Activity
When you reach the records below, output every one exactly as written but leave out any pictures.

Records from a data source
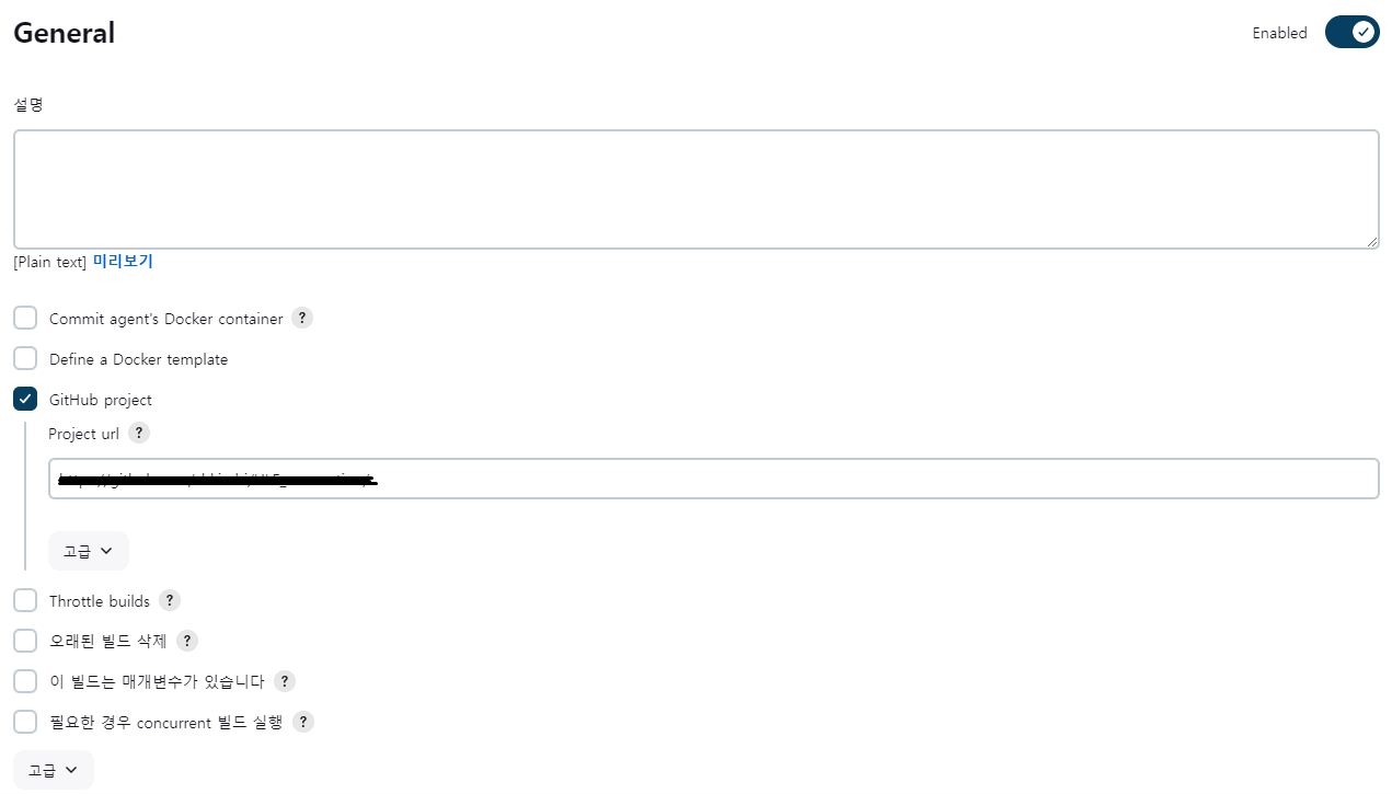 General 에서 Github project 선택 체크 후 Project url에 git repository url 입력
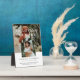 Honour your loved ones in style with our stunning remembrance memorial 2 photo plaque! This unique design showcases an arch photograph layered over another picture of your choosing. But the customization doesn't stop there - you can easily personalize the plaque with your own elegant serif text using our customizable template. Whether it's displayed at a funeral, memorial, celebration of life, or simply in your own home, this modern plaque is the perfect way to hold onto precious memories of your cherished loved one.
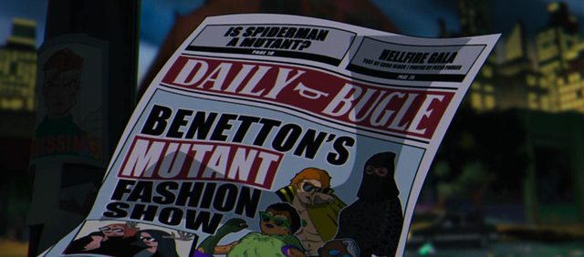 「人類之友」組織基地外,一張《號角日報》的報紙飛過,左上方的欄位寫著「蜘蛛人是
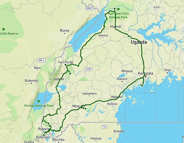 This 19-Day action-packed Uganda primates and birding safari takes you to Mabamba – a Ramsar site in search for the mythical shoebill. From here continue to Zziwa Rhino Sanctuary, on-wards to Budongo Forest where you bird the ‘Royal Mile’ with an overnight at Uganda’s first hotel. You then bird to Murchison Falls National Park where you also go on a boat safari to the bottom of the powerful falls, bird towards the Albert delta. From here, you head to Kibale Forest National Park, considered the primate capital of the world, Queen Elizabeth National Park – one of Uganda’s major savannah game park, where you could find the tree-climbing lions of Ishasha. From Queen Elizabeth National Park, you will continue onto the home of the gentle giants (Mountain Gorillas) – Bwindi Impenetrable National Park. After your date with the gentle giants, you will head to Lake Mburo National Park. You bird Lake Mburo on boat and land and can conclude with a bush walk before heading to Entebbe to end what we believe will have been a wonderful safari with memories galore.
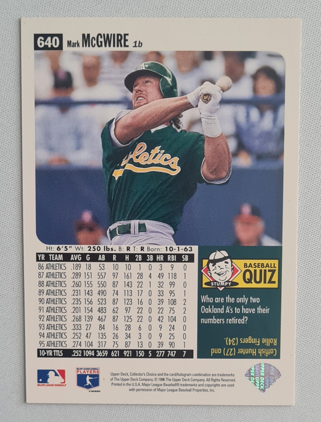 Mark McGwire - 1996 Upper Deck MLB Baseball Oakland Athletics #640
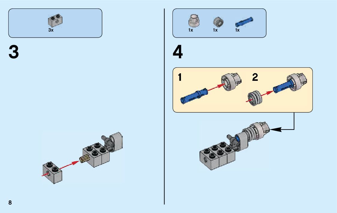 The assembly guide is prepared in a very understandable way for children and adult LEGO enthusiasts. A total of 520 picture galleries are shown, explaining the step-by-step construction stages for 2 different structures.
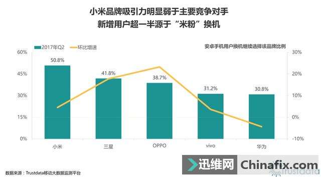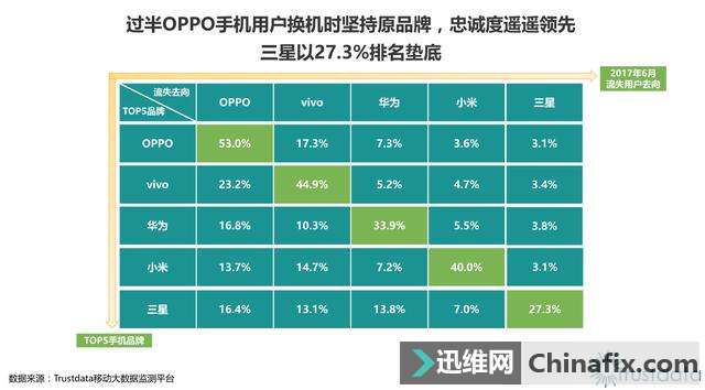 | 国内的智能手机市场堪称血海,国产手机巨头和国际品牌都集聚于此。做机如逆水行舟,不进则退,稍不努力,就会被竞争对手赶超。近日,国内的大数据监测平台trustdata发布的移动互联网报告显示,国内市场的手机保有量发生了变化。 国产手机品牌OPPO超越了苹果,成为国内手机用户数量最多的手机品牌,占到了市场总量的19.5%。苹果则以微弱的劣势屈居第二,国产手机崛起了!vivo第三、华为第四、小米第五,而经过的爆炸门事件,三星的市场占有率仅仅只剩5.3%。 跟我们想象的一样,近一年来,华为、OPPO、vivo保有量显著上升,而小米和三星情况则不太乐观。华为在经历了某事件的影响有轻微的下降之后又强势增长。 从上图中我们可以看到安卓手机品牌的集中度越来越高了,也就是说越来越少的人选择买一个小品牌的手机,像锤子、OnePlus这样的小品牌生存越来越艰难了。 还有一个有意思的数据,上面提到在这一年中,小米的占有率连续走低,但是换机中有一半都是来自于米粉的,这就意味着小米品牌转化其他品牌的能力最弱,这也就是为什么小米连续开设小米之家的原因吧!小米要加油了! 还有一个更有意思的数据,这张图表明了用户的忠诚度,和我预想的也差不多,三星毫无疑问成为了用户忠诚度最低的手机... 这份报告和你预想的有差别吗?快来说说谁才是你心中的国产手机NO.1? |
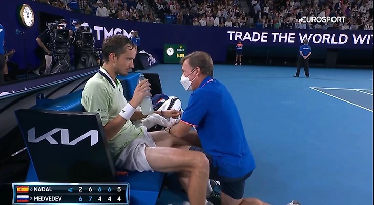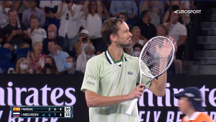4:5 Закрыл гейм идеальным дропшотом. Надаль будет подавать на титул. Медведеву снова мнут бедра.
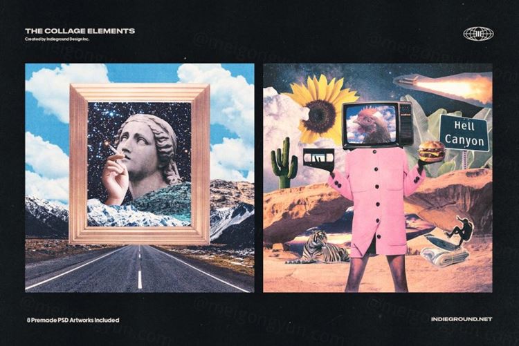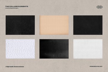 该包还具有 6 种高质量纸张纹理,您可以将其用作艺术品组合或叠加效果的背景,为您的设计演示和美学艺术品赋予复古/复古外观。最后,我们还包括 8 个预制的 PSD 艺术作品来完成这个终极拼贴工具包。
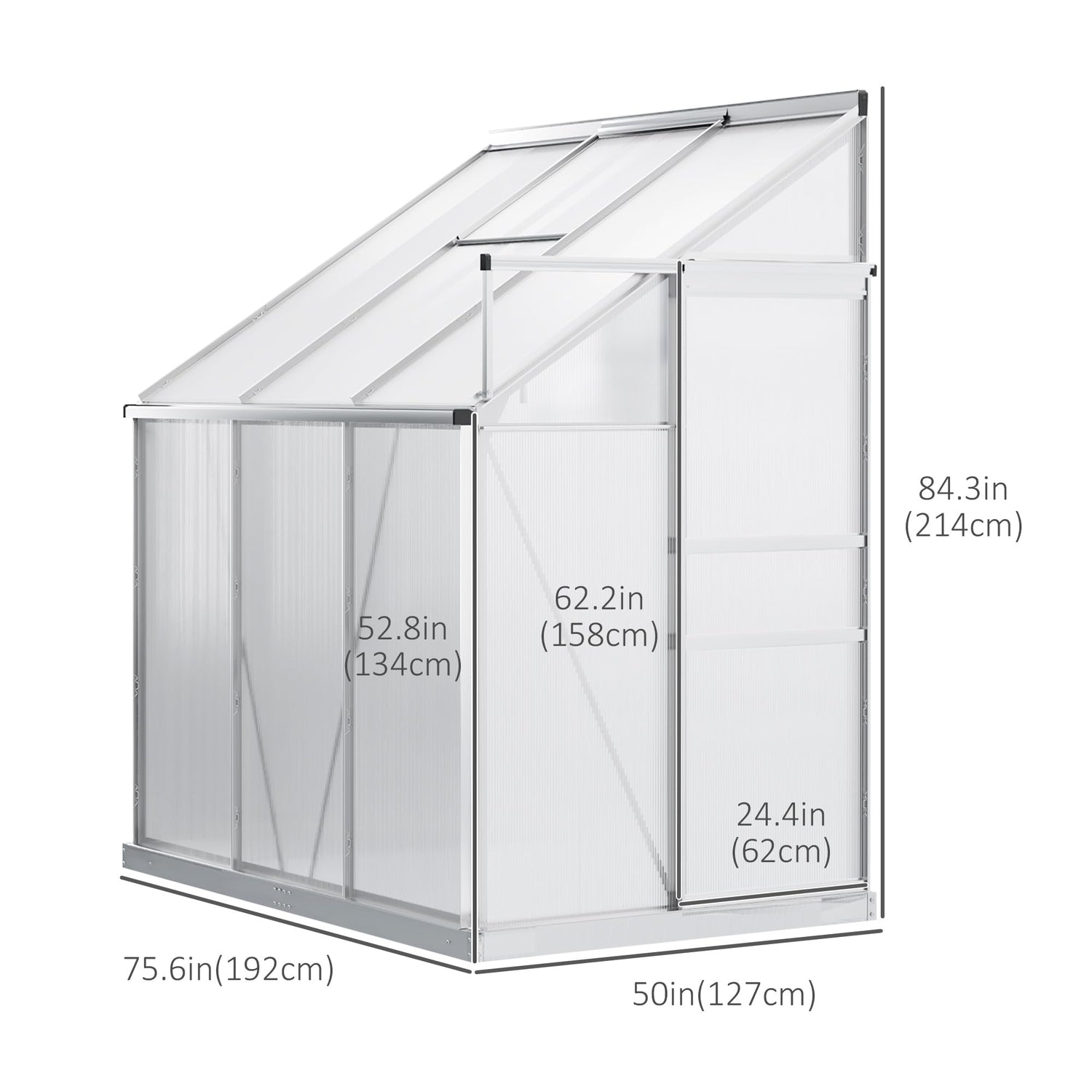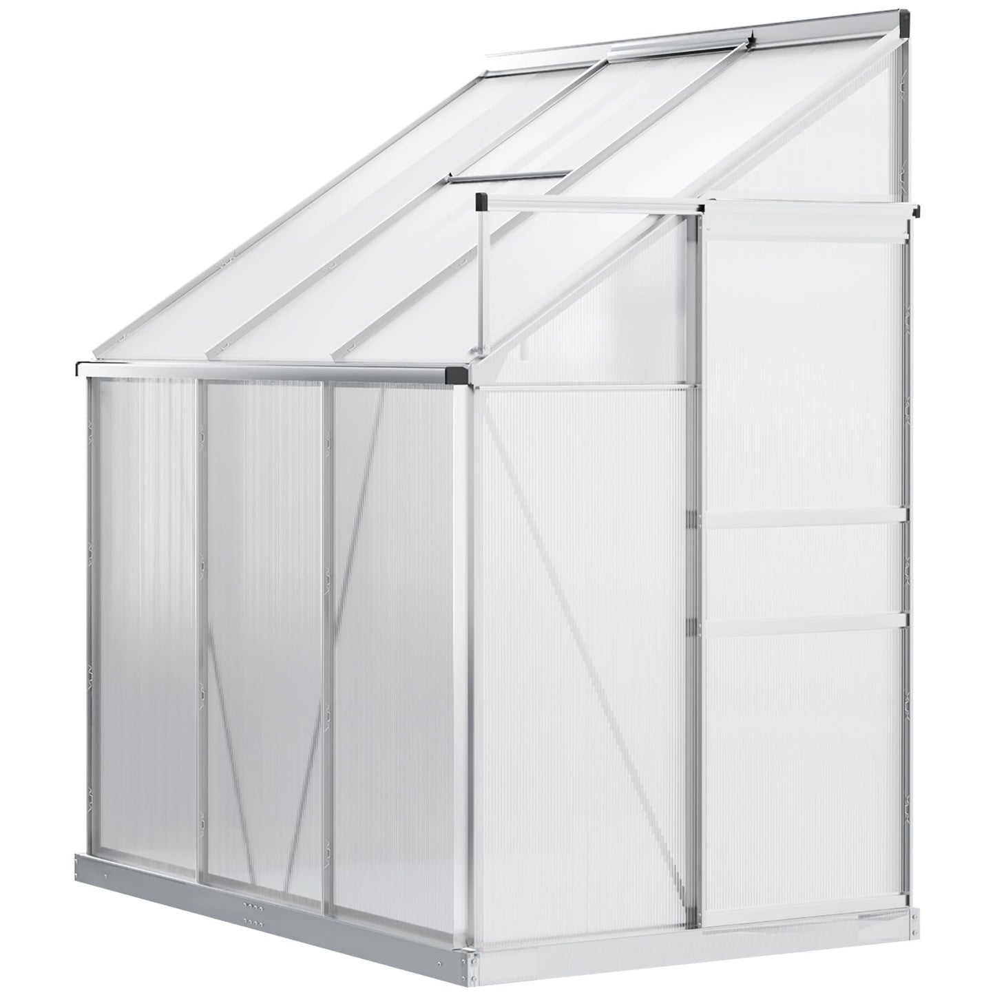 Outsunny 6' x 4' Aluminum Lean-to Greenhouse Polycarbonate Walk-in Garden Greenhouse with Adjustable Roof Vent, Rain Gutter and Sliding Door for Winter, Clear
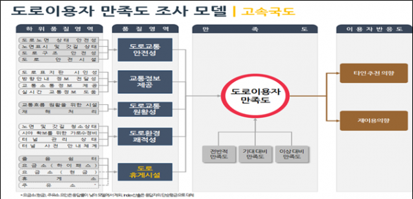 ‘도로이용자 만족도 조사’는 고속/일반국도의 이용자들을 무작위 대상으로 공인기관에서 국가고객만족도지표를 적용해 조사를 진행했다.
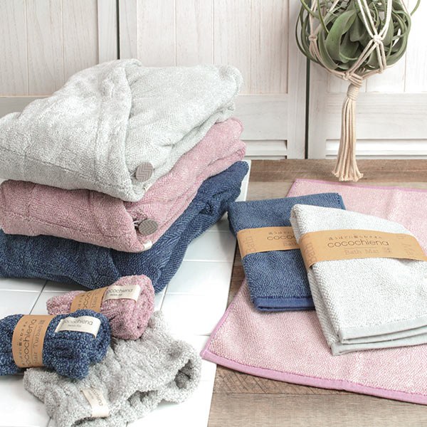 『cocochiena(ココチエナ)』シリーズは、バスローブの他に、ヘアターバン、バスマット、タオルまでアイテムのラインナップも充実しており、シリーズでコーディネートしていただけます。どの商品でも、触り心地・使い心地・洗い心地、そのたびに変わらない「心地いい」を感じられます。
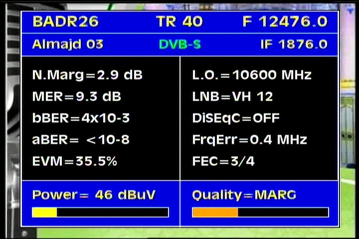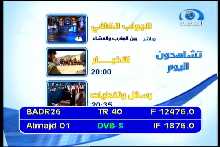 Badr 6 at 26.0°E - BSS footprint :12 476 V Al Majd Network
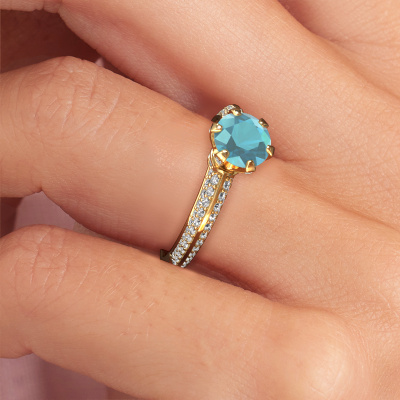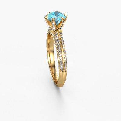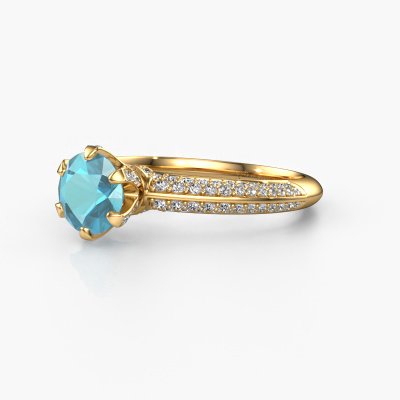 La bague de fiançailles mentionnée ci-dessus a été nommée Abby. Ce type de bague de fiançailles est appelé une bague de fiançailles solitaire pavé car elle ne comporte qu’une seule pierre centrale et les tiges de la bague de fiançailles sont également pleins. La bague de fiançailles est faite dans une combinaison d'or 14 Carat et d’or jaune et a un topaze bleue ronds d’une de 6.5 mm, et des diamants sont sertis sur les épaules de l’anneau. Chaque bijou est fabriquées spécialement pour vous par nos maîtres orfèvres dans notre propre atelier. Cette bague de fiançailles solitaire pavé forgée en or jaune exclusives a un beau topaze bleue ronds comme pierre centrale, avec plus de topaze bleue sertis dans la bague pour accentuer encore plus la présence de la pierre centrale. Le sertissage à griffes autour du topaze bleue étant ouvert, le topaze bleue capte la lumière de tous les côtés et brille de manière optimale. Ci-dessus, vous pouvez voir comment notre orfèvre travaille la bague de fiançailles avec une extrême précision dans les moindres détails, de telle sorte que le topaze bleue élevé puisse attirer tous les regards. Quelle belle bague de fiançailles à offrir lors de votre demande en mariage à l'amour de votre vie, à votre centre rayonnant ! Vous avez peut-être remarqué que nos prix sont en moyenne inférieurs de 30% à ceux d'un autre bijoutier. Et ce alors que la qualité de nos bijoux est même plus élevée dans la plupart des cas ! En effet, nos orfèvres fabriquent votre bague de fiançailles directement dans notre propre atelier. Cela signifie que nous n'avons pas à inclure des frais de stocks coûteux et que nous pouvons travailler n'importe quel détail directement sur votre bague de fiançailles.Notre équipe ajoute quotidiennement de nouveaux modèles à notre collection en ligne. Nos designers et orfèvres travaillent ensemble pour créer le meilleur design. Nous nous efforçons d'offrir une collection diversifiée de bijoux. Peut-être avez-vous déjà en tête un bijou en particulier ? Un bijou que vous avez trouvé quelque part. Veuillez nous contacter pour une consultation gratuite. Nous vous ferons une offre, basée sur un rapport qualité / prix juste, qui vous déconcertera.Pour vous faciliter la tâche, vous pouvez facilement nous retourner tout bijou commandé dans les 30 jours suivant la livraison.
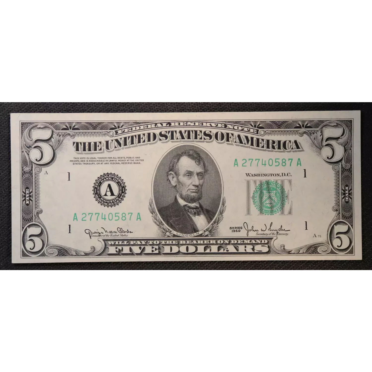 $5 1934-D. blue-Green seal. Small Size $5 Federal Reserve Notes 1961-A
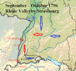 On the French side, the 80,000-man Army of Sambre-et-Meuse held the west bank of the Rhine down to the Nahe and then southwest to Sankt Wendel. On the army's left flank, Jean Baptiste Kléber had 22,000 troops in an entrenched camp at Düsseldorf. The right wing of the Army of the Rhine and Moselle was positioned behind the Rhine from Hüningen northward, centered along the Queich River near Landau, and its left wing extended west toward Saarbrücken.[3] Pierre Marie Barthélemy Ferino led Moreau's right wing at Hüningen, Louis Desaix commanded the center and Laurent Gouvion Saint-Cyr directed the left wing. Ferino's wing consisted of three infantry and cavalry divisions under François Antoine Louis Bourcier and Henri François Delaborde. Desaix's command included three divisions led by Michel de Beaupuy, Antoine Guillaume Delmas and Charles Antoine Xaintrailles. Saint-Cyr's wing had two divisions commanded by Guillaume Philibert Duhesme and Alexandre Camille Taponier.[5]

Solution
 General 에서 Github project 선택 체크 후 Project url에 git repository url 입력
 Honour your loved ones in style with our stunning remembrance memorial 2 photo plaque! This unique design showcases an arch photograph layered over another picture of your choosing. But the customization doesn't stop there - you can easily personalize the plaque with your own elegant serif text using our customizable template. Whether it's displayed at a funeral, memorial, celebration of life, or simply in your own home, this modern plaque is the perfect way to hold onto precious memories of your cherished loved one.
 「人類之友」組織基地外,一張《號角日報》的報紙飛過,左上方的欄位寫著「蜘蛛人是
 This 19-Day action-packed Uganda primates and birding safari takes you to Mabamba – a Ramsar site in search for the mythical shoebill. From here continue to Zziwa Rhino Sanctuary, on-wards to Budongo Forest where you bird the ‘Royal Mile’ with an overnight at Uganda’s first hotel. You then bird to Murchison Falls National Park where you also go on a boat safari to the bottom of the powerful falls, bird towards the Albert delta. From here, you head to Kibale Forest National Park, considered the primate capital of the world, Queen Elizabeth National Park – one of Uganda’s major savannah game park, where you could find the tree-climbing lions of Ishasha. From Queen Elizabeth National Park, you will continue onto the home of the gentle giants (Mountain Gorillas) – Bwindi Impenetrable National Park. After your date with the gentle giants, you will head to Lake Mburo National Park. You bird Lake Mburo on boat and land and can conclude with a bush walk before heading to Entebbe to end what we believe will have been a wonderful safari with memories galore.
 Mark McGwire - 1996 Upper Deck MLB Baseball Oakland Athletics #640
 The assembly guide is prepared in a very understandable way for children and adult LEGO enthusiasts. A total of 520 picture galleries are shown, explaining the step-by-step construction stages for 2 different structures.
 | 国内的智能手机市场堪称血海,国产手机巨头和国际品牌都集聚于此。做机如逆水行舟,不进则退,稍不努力,就会被竞争对手赶超。近日,国内的大数据监测平台trustdata发布的移动互联网报告显示,国内市场的手机保有量发生了变化。 国产手机品牌OPPO超越了苹果,成为国内手机用户数量最多的手机品牌,占到了市场总量的19.5%。苹果则以微弱的劣势屈居第二,国产手机崛起了!vivo第三、华为第四、小米第五,而经过的爆炸门事件,三星的市场占有率仅仅只剩5.3%。 跟我们想象的一样,近一年来,华为、OPPO、vivo保有量显著上升,而小米和三星情况则不太乐观。华为在经历了某事件的影响有轻微的下降之后又强势增长。 从上图中我们可以看到安卓手机品牌的集中度越来越高了,也就是说越来越少的人选择买一个小品牌的手机,像锤子、OnePlus这样的小品牌生存越来越艰难了。 还有一个有意思的数据,上面提到在这一年中,小米的占有率连续走低,但是换机中有一半都是来自于米粉的,这就意味着小米品牌转化其他品牌的能力最弱,这也就是为什么小米连续开设小米之家的原因吧!小米要加油了! 还有一个更有意思的数据,这张图表明了用户的忠诚度,和我预想的也差不多,三星毫无疑问成为了用户忠诚度最低的手机... 这份报告和你预想的有差别吗?快来说说谁才是你心中的国产手机NO.1? |
4:5 Закрыл гейм идеальным дропшотом. Надаль будет подавать на титул. Медведеву снова мнут бедра.
 该包还具有 6 种高质量纸张纹理,您可以将其用作艺术品组合或叠加效果的背景,为您的设计演示和美学艺术品赋予复古/复古外观。最后,我们还包括 8 个预制的 PSD 艺术作品来完成这个终极拼贴工具包。
 Outsunny 6' x 4' Aluminum Lean-to Greenhouse Polycarbonate Walk-in Garden Greenhouse with Adjustable Roof Vent, Rain Gutter and Sliding Door for Winter, Clear
 ‘도로이용자 만족도 조사’는 고속/일반국도의 이용자들을 무작위 대상으로 공인기관에서 국가고객만족도지표를 적용해 조사를 진행했다.
 『cocochiena(ココチエナ)』シリーズは、バスローブの他に、ヘアターバン、バスマット、タオルまでアイテムのラインナップも充実しており、シリーズでコーディネートしていただけます。どの商品でも、触り心地・使い心地・洗い心地、そのたびに変わらない「心地いい」を感じられます。
 Badr 6 at 26.0°E - BSS footprint :12 476 V Al Majd Network
 La bague de fiançailles mentionnée ci-dessus a été nommée Abby. Ce type de bague de fiançailles est appelé une bague de fiançailles solitaire pavé car elle ne comporte qu’une seule pierre centrale et les tiges de la bague de fiançailles sont également pleins. La bague de fiançailles est faite dans une combinaison d'or 14 Carat et d’or jaune et a un topaze bleue ronds d’une de 6.5 mm, et des diamants sont sertis sur les épaules de l’anneau. Chaque bijou est fabriquées spécialement pour vous par nos maîtres orfèvres dans notre propre atelier. Cette bague de fiançailles solitaire pavé forgée en or jaune exclusives a un beau topaze bleue ronds comme pierre centrale, avec plus de topaze bleue sertis dans la bague pour accentuer encore plus la présence de la pierre centrale. Le sertissage à griffes autour du topaze bleue étant ouvert, le topaze bleue capte la lumière de tous les côtés et brille de manière optimale. Ci-dessus, vous pouvez voir comment notre orfèvre travaille la bague de fiançailles avec une extrême précision dans les moindres détails, de telle sorte que le topaze bleue élevé puisse attirer tous les regards. Quelle belle bague de fiançailles à offrir lors de votre demande en mariage à l'amour de votre vie, à votre centre rayonnant ! Vous avez peut-être remarqué que nos prix sont en moyenne inférieurs de 30% à ceux d'un autre bijoutier. Et ce alors que la qualité de nos bijoux est même plus élevée dans la plupart des cas ! En effet, nos orfèvres fabriquent votre bague de fiançailles directement dans notre propre atelier. Cela signifie que nous n'avons pas à inclure des frais de stocks coûteux et que nous pouvons travailler n'importe quel détail directement sur votre bague de fiançailles.Notre équipe ajoute quotidiennement de nouveaux modèles à notre collection en ligne. Nos designers et orfèvres travaillent ensemble pour créer le meilleur design. Nous nous efforçons d'offrir une collection diversifiée de bijoux. Peut-être avez-vous déjà en tête un bijou en particulier ? Un bijou que vous avez trouvé quelque part. Veuillez nous contacter pour une consultation gratuite. Nous vous ferons une offre, basée sur un rapport qualité / prix juste, qui vous déconcertera.Pour vous faciliter la tâche, vous pouvez facilement nous retourner tout bijou commandé dans les 30 jours suivant la livraison.
 $5 1934-D. blue-Green seal. Small Size $5 Federal Reserve Notes 1961-A
 On the French side, the 80,000-man Army of Sambre-et-Meuse held the west bank of the Rhine down to the Nahe and then southwest to Sankt Wendel. On the army's left flank, Jean Baptiste Kléber had 22,000 troops in an entrenched camp at Düsseldorf. The right wing of the Army of the Rhine and Moselle was positioned behind the Rhine from Hüningen northward, centered along the Queich River near Landau, and its left wing extended west toward Saarbrücken.[3] Pierre Marie Barthélemy Ferino led Moreau's right wing at Hüningen, Louis Desaix commanded the center and Laurent Gouvion Saint-Cyr directed the left wing. Ferino's wing consisted of three infantry and cavalry divisions under François Antoine Louis Bourcier and Henri François Delaborde. Desaix's command included three divisions led by Michel de Beaupuy, Antoine Guillaume Delmas and Charles Antoine Xaintrailles. Saint-Cyr's wing had two divisions commanded by Guillaume Philibert Duhesme and Alexandre Camille Taponier.[5]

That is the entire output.